|Publication number||US5575707 A|
|Application number||US 08/321,169|
|Publication date||Nov 19, 1996|
|Filing date||Oct 11, 1994|
|Priority date||Oct 11, 1994|
|Also published as||DE69512170D1, DE69512170T2, DE69525665D1, DE69525665T2, EP0706856A1, EP0706856B1, EP0919330A1, EP0919330B1|
|Publication number||08321169, 321169, US 5575707 A, US 5575707A, US-A-5575707, US5575707 A, US5575707A|
|Inventors||Homayoun Talieh, David E. Weldon|
|Original Assignee||Ontrak Systems, Inc.|
|Export Citation||BiBTeX, EndNote, RefMan|
|Patent Citations (17), Non-Patent Citations (4), Referenced by (126), Classifications (13), Legal Events (9)|
|External Links: USPTO, USPTO Assignment, Espacenet|
This invention relates to the field of chemical mechanical polishing systems for semiconductor wafers of the type used in the fabrication of integrated circuits.

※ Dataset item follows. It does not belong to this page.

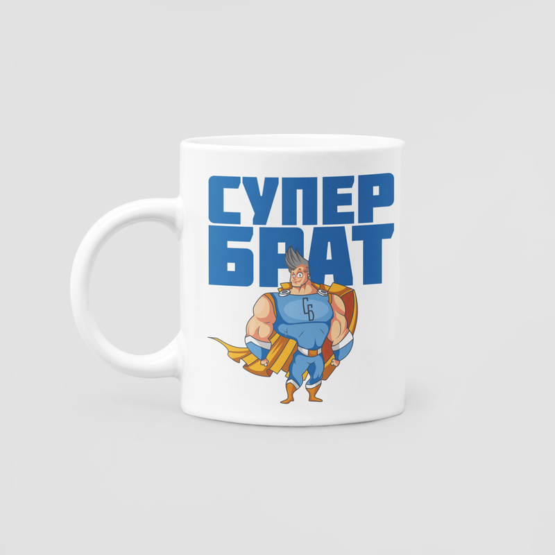 Белая чашка (кружка) с оригинальным принтом "супер брат" push it

Integrated circuits are conventionally fabricated from semiconductor wafers, each containing an array of individual integrated circuit dies. It is important at various processing stages that the wafer be polished to a planar configuration. The present invention represents a new approach to the problem of such polishing.
Breivogel U.S. Pat. No. 5,212,910 discusses the problem of achieving local planarity at the integrated circuit die scale in a wafer that itself is to some extent curved. The Breivogel patent discloses a composite polishing pad that includes a base layer of a relatively soft elastic material, an intermediate rigid layer, and a top polishing pad layer. The intermediate rigid layer is segmented to form individual tiles, each having a size comparable to that of an integrated circuit die. In use, individual tiles press into the first resilient base layer as necessary to allow the respective polishing pad to conform to the non-planar wafer.
With this approach the individual tiles are not completely isolated from one another, because the resilient base layer extends between the tiles. Furthermore, the resilient base layer is designed to allow individual tiles to move in the Z direction, away from the wafer being polished. This approach may place unusual requirements on the polishing pad material.
The present invention is directed to a new approach which, to a large extent, overcomes the problems discussed above.
According to a first aspect of this invention, a polishing pad cluster is provided for polishing a semiconductor wafer comprising a plurality of integrated circuit dies. This cluster includes a pad support, and a plurality of polishing pads. Each pad has a polishing area substantially smaller than the wafer and not substantially smaller than an individual one of the integrated circuit dies. Multiple polishing pad mounts are provided, each coupled to a respective one of the polishing pads and supported by the support. Each mount comprises a respective joint comprising at least two degrees of freedom to allow the associated polishing pad to articulate with respect to the support to conform to the wafer. In some embodiments of this invention each mount is substantially rigid with respect to movement in a direction perpendicular to the respective pad toward the support. In other embodiments of this invention each mount is isolated from at least one adjacent mount, thereby decoupling adjacent polishing pads.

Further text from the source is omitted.